The easy part of data analysis is creating lots of crosstabs. The hard part is trying to figure out what it all means. Our brains are greatly limited in terms of the quantity of information that they can process. The more information that our brains have to process, the worse the job that they do. Consequently, a secret to interpreting data is to reduce the quantity of data. The academic term for this is data reduction. This page illustrates some of the more elementary aspects of of data reduction by working through an example.
The crosstab below shows how preferences for different brands of cola differ by age, gender and income. It is quite typical of the type used by commercial consultants when analyzing surveys. It is a very large crosstab. Indeed, it is so large that it is impractical for anybody to read everything on this crosstab and thus key findings hidden in the crosstab may easily be missed.

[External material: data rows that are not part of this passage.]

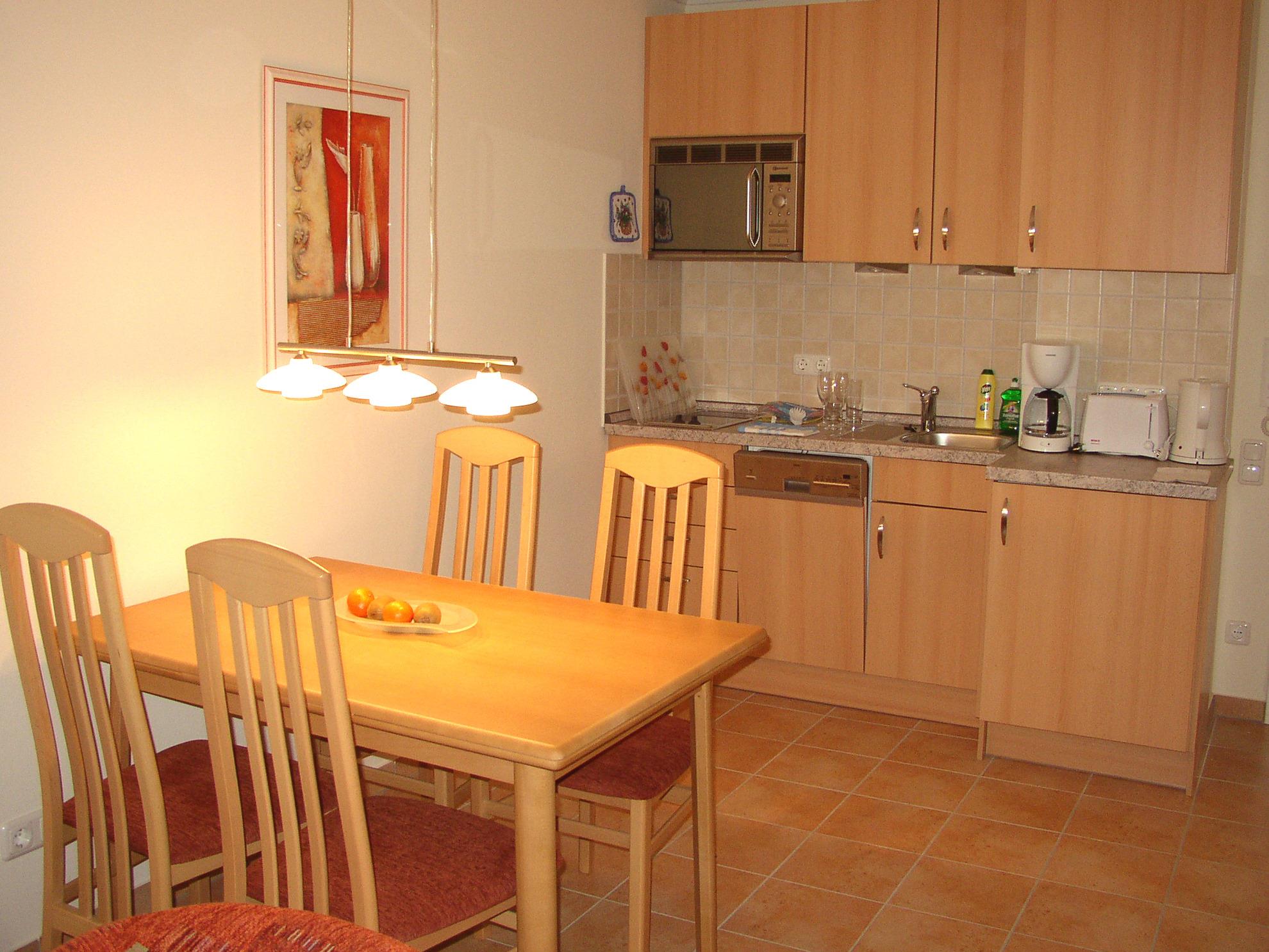 Die vollständige Kücheneinrichtung mit Ceran-Kochfeld, Dunstabzugshaube, Mikrowelle mit Crisp-Funktion, Geschirrspüler und Kühlschrank hilft Ihnen, sich wie zu Hause zu fühlen.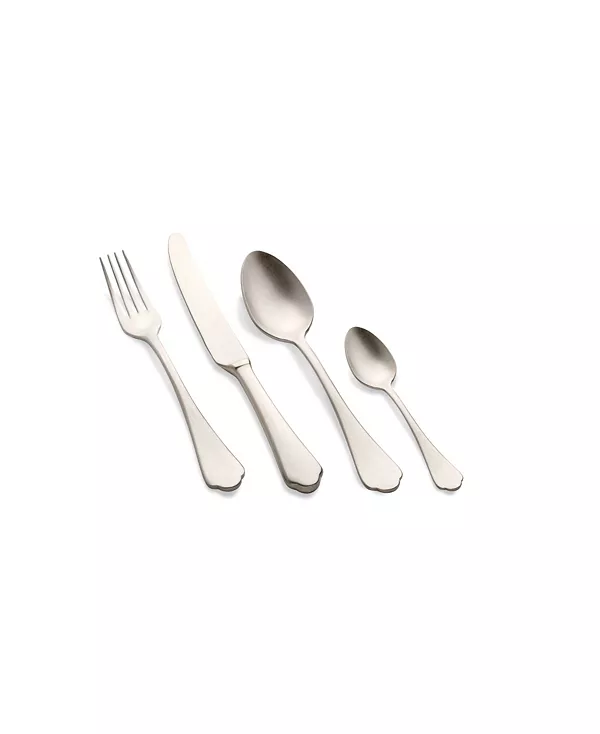 Набор включает по 4 предмета: столовая вилка, столовый нож, десертная ложка, десертная вилка, кофейная ложка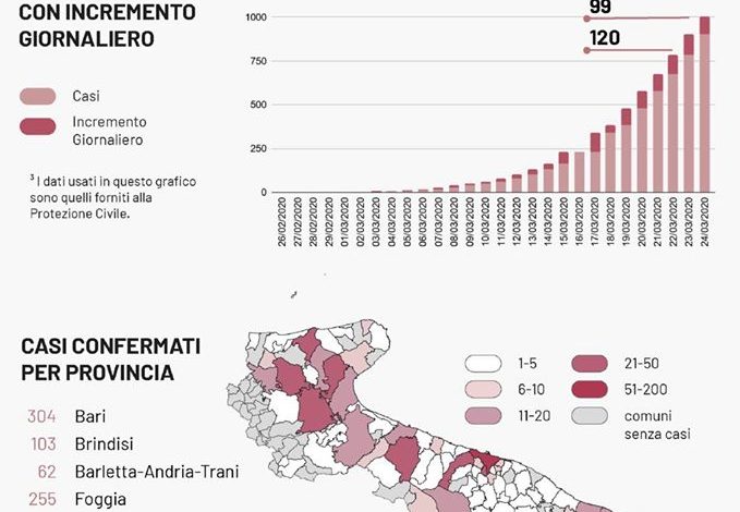 All’ultimo aggiornamento, del 24 marzo – in Puglia sono stati effettuati 584 tamponi per l’infezione covid-19. 99 i casi positivi: 36 in provincia di Bari, 3 in provincia di Bat, 1 in provincia di Brindisi, 29 in provincia di Foggia, 12 in provincia di Lecce, 5 in provincia di Taranto, 13 casi di cui è in corso l’attribuzione della relativa provincia. Nella giornata di ieri sono stati registrati 7 decessi: 3 in provincia di Bari, 3 in provincia di Foggia e uno in provincia di Lecce.
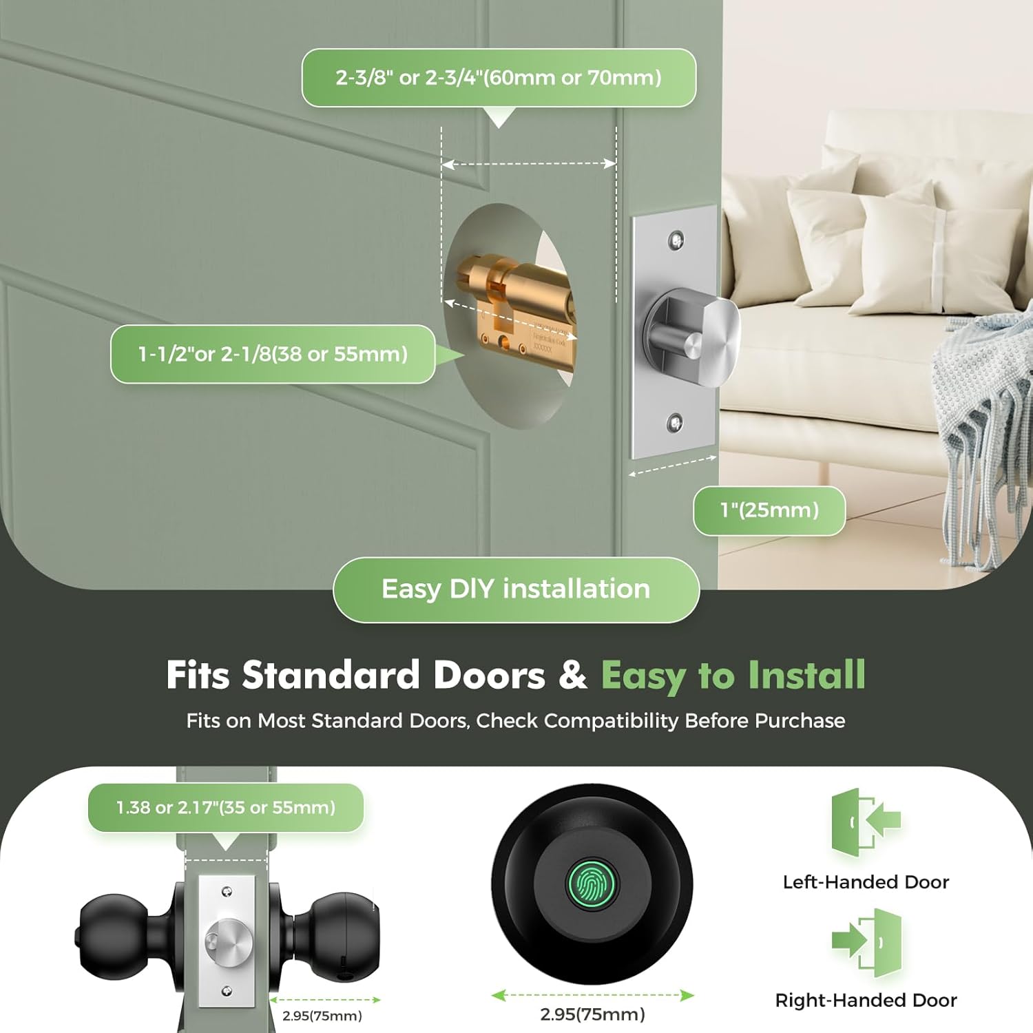【3-in-1 Good Entry】Our Good Door Knob supplies fingerprint recognition (0.5s quick unlock), encrypted app management through WiFi/Bluetooth, and a hidden mechanical keyhole – triple safety layers adapt to your life-style whereas sustaining 24/7 residence safety.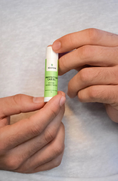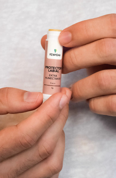 El Protector Labial Extra Humectante de Vidamena está formulado con una poderosa mezcla de aceite de coco, aceite de Sacha Inchi, mantecas naturales de mango, cacao y karité, y cera de candelilla, que reemplaza la cera de abejas para ofrecer una opción 100 % natural y vegana.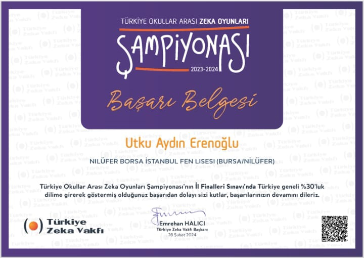 • Türkiye Zeka Oyunları Şampiyonası’nda ülke genelinde ilk %30’luk dilimde yer aldı.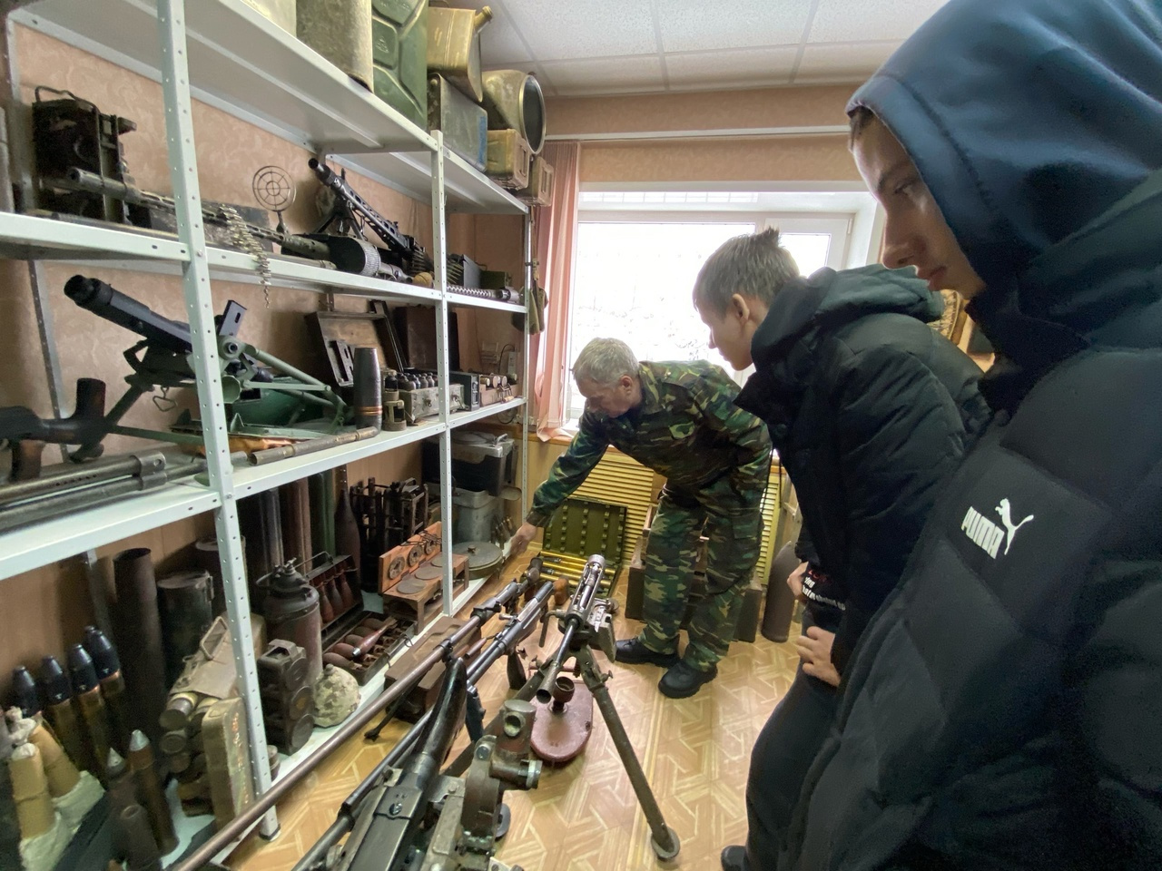 В рамках мероприятия, основатель музея, краевед, поисковик, действительный член РГО и председатель местного отделения Российского военно-исторического общества - Евгений Александрович Куцев, провел образовательно-просветительскую экскурсию по экспозиции музея, включающую в себя экспонаты от древности и до наших дней, обратив особое внимание на настоящие артефакты - оружие и предметы быта, связанные с событиями Великой Отечественной войны на территории нашего города и района, которые вызвали живой интерес у ребят и не оставивших никого равнодушным.

We can greatly improve this crosstab by deleting things. The reason that this works is that the more things on the page the more our brain gets distracted and thus the more we delete, the clearer the story in the data will become. The key things that we can delete from this table are:
- All the statistics except for the column percentages. That is, we should delete counts (labelled N), row percentages (% within row). Of course, in some situations these additional statistics may prove to be useful, but more often-than-not they are not useful and thus the default should be to remove them.
- The decimal places. Due to sampling error it is very rare that differences in decimal places are relevant and thus they should not be shown.
- All of the income and gender data. The column comparisons show no significant differences for gender and thus the differences between male and female preferences for different brands of cola are likely due to sampling error and are thus not interesting. The case for deleting income is a little more complex. The only significant difference relates to the preference for Pepsi Max being relatively high among the people with incomes of $120,001 to $150,000/. This pattern seems counter intuitive: why should this small brand appeal to such a narrow income-based demographic. Consequently, it likely reflects one of those flukes that comes up from time-to-time in surveys and thus, in the absence of any corroborating evidence, should be ignored.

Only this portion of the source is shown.